We included visit-associated imaging and testing in the costs of outpatient visits. Standard unit visit costs were calculated separately by type of clinician (physician vs physician assistant and/or nurse practitioner) and by specialty, based on a special study of outpatient costs conducted in 1993. We obtained the total visit costs by multiplying the number of visits per department per clinician type by the appropriate unit cost.
We captured 4 inpatient use parameters to calculate inpatient costs: (1) number of days in a critical care unit, (2) number of days in routine care, (3) number of minutes in an operating room, and (4) number of minutes in a recovery room. All clinician inpatient costs and hospital indirect costs (including personnel, utilities, depreciation, and fixtures) were first allocated to the relevant cost center. Total annual expenditures per cost center were then divided by the total volume of output to estimate the average cost per unit of use. These time-based cost coefficients were then multiplied by the number of units of services consumed, totaled, and combined with inpatient imaging costs to obtain an estimate of the total inpatient cost of caring for an individual for a given admission or year.

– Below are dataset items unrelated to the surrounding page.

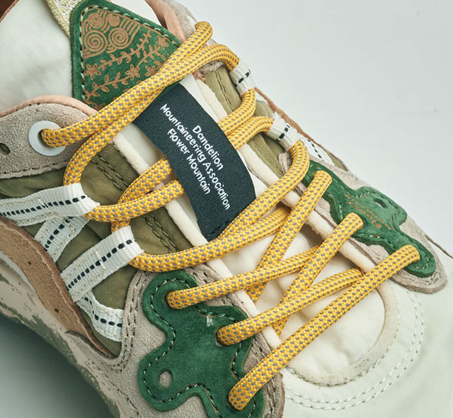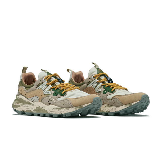 アイボリーからサンドベージュにかけてグラデーションするレイヤーにカーキをミックスしたアッパーにマスタードカラーのシューレースがアクセントになっている。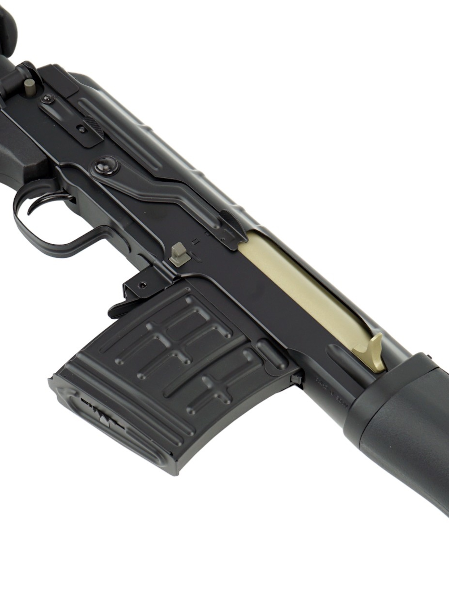 Главное достоинство винтовки Цима СВД АЕГ – качество изготовления и подгонки между собой всех деталей, а также высокая степень сходства с огнестрельным прототипом. Данная модификация выполнена в основном из ABS-пластика, часть компонентов изготовлены из сплава алюминия. Винтовка имеет штатные прицельные приспособления в виде регулируемого целика и мушки – по аналогии с боевой винтовкой Драгунова.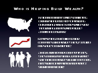 This document summarizes a marketing presentation for a financial services company called HBW. It promotes HBW's products like life insurance, annuities, and trusts which help build wealth. It highlights the growth opportunity in the industry given an aging population. Representatives can earn income from commissions on sales and build a business part or full-time with competitive products and support.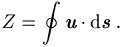 Zirkulation, Integral über ein Vektorfeldu längs einer geschlossenen Kurve S:

To ascertain the costs of care in non-KPNW facilities, we analyzed the claims paid for procedures, hospitalizations, and professional and related services. For inpatient and outpatient use provided both in non-KPNW facilities and by non-KPNW clinicians, we used as costs the amounts that KPNW actually paid to vendors. Inpatient and outpatient pharmaceutical costs approximated 1995 retail costs in the local market, deflated to 1993 dollars.

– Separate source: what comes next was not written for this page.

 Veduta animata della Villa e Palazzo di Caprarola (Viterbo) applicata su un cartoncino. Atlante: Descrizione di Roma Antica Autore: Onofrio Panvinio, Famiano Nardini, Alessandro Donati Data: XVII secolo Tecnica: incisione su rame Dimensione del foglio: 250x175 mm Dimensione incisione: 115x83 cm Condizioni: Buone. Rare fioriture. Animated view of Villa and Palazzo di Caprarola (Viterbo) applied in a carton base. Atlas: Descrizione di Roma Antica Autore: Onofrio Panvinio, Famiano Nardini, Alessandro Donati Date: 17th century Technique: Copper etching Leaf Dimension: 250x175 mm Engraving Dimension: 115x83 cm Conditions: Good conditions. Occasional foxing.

To identify the most valid analytic method, we tested 3 regression techniques: a 2-part model, a transformation model, and an ordinary least squares (OLS) model. The 2-part model employed logistic regression to determine the probability of use (cost >0), followed by an OLS, or gamma regression, of total annual cost for the year 1995 for subjects with costs greater than 0. The predicted expense was then multiplied by the probability of use to obtain predicted cost, adjusted for the probability of use. The transformation model involved normalizing the distribution of total annual cost by taking the natural log (cost plus an arbitrary constant value). The logarithmic transformation adequately normalized the dependent variable so that the regression assumptions were met, but the coefficients obtained from this model were not directly translatable into dollars. In addition, after retransformation, the model did not predict as well as untransformed OLS. We concluded, as did Hornbrook and Goodman,8 that OLS was as good as, or better than, the other techniques in terms of both predictive accuracy and interpretability.

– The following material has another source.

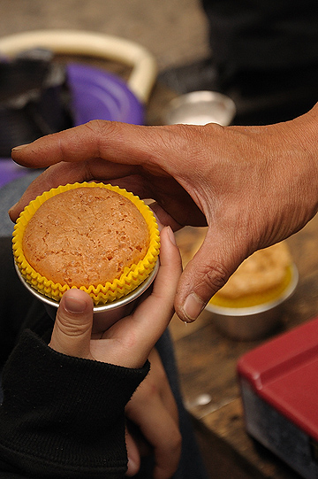 我個人非常佩服這張作品的成功,畫面中最強視覺力出現在糕餅這個圓形上,而大手與小手之間的夾處,又增強這個圓形,大手與小手之間互有接觸,象徵親密感,以及展現人文溫馨的一面,而這一切全發生在一個成功的決定性瞬間,真的很棒! (哲立作品)

We therefore present 2 OLS models in this report. The first model regressed total annual cost per person on cardiovascular complication level, renal complication level, age, and sex. We included subject age and sex as independent variables to estimate the incremental costs of complications in addition to the costs attributable to sex-specific aging. We also estimated a second model that added a "renal×cardiovascular" interaction term. This model accounts for the known epidemiological interaction between diabetic, renal, and cardiovascular disease9,10 and tests whether the incremental costs of cardiovascular and renal disease are more or less than additive when both complications are present.
We used the SAS Statistical Analysis System version 6.12 (SAS Institute, Cary, NC) for all statistical analyses. All the statistical tests that we report are 2-sided. The term statistically significant implies a P<.05.
We identified 11,768 registrants with type 2 diabetes mellitus who had 12 months of health plan eligibility in 1995. As shown in Table 1, 51% of the total registrants were men and 32% were aged 70 years or older.
The average annual total cost of care, in 1993 dollars, for a male HMO member of average age (64 years) with no cardiovascular or renal complications was $2033. Costs increased by $1087 with the initiation of cardiovascular drug therapy and/or use of a cardiologist (cardiovascular stage 1). After the occurrence of a major cardiovascular event (cardiovascular stage 2), the additional costs of cardiovascular disease treatment increased dramatically, to $9385 per person per year.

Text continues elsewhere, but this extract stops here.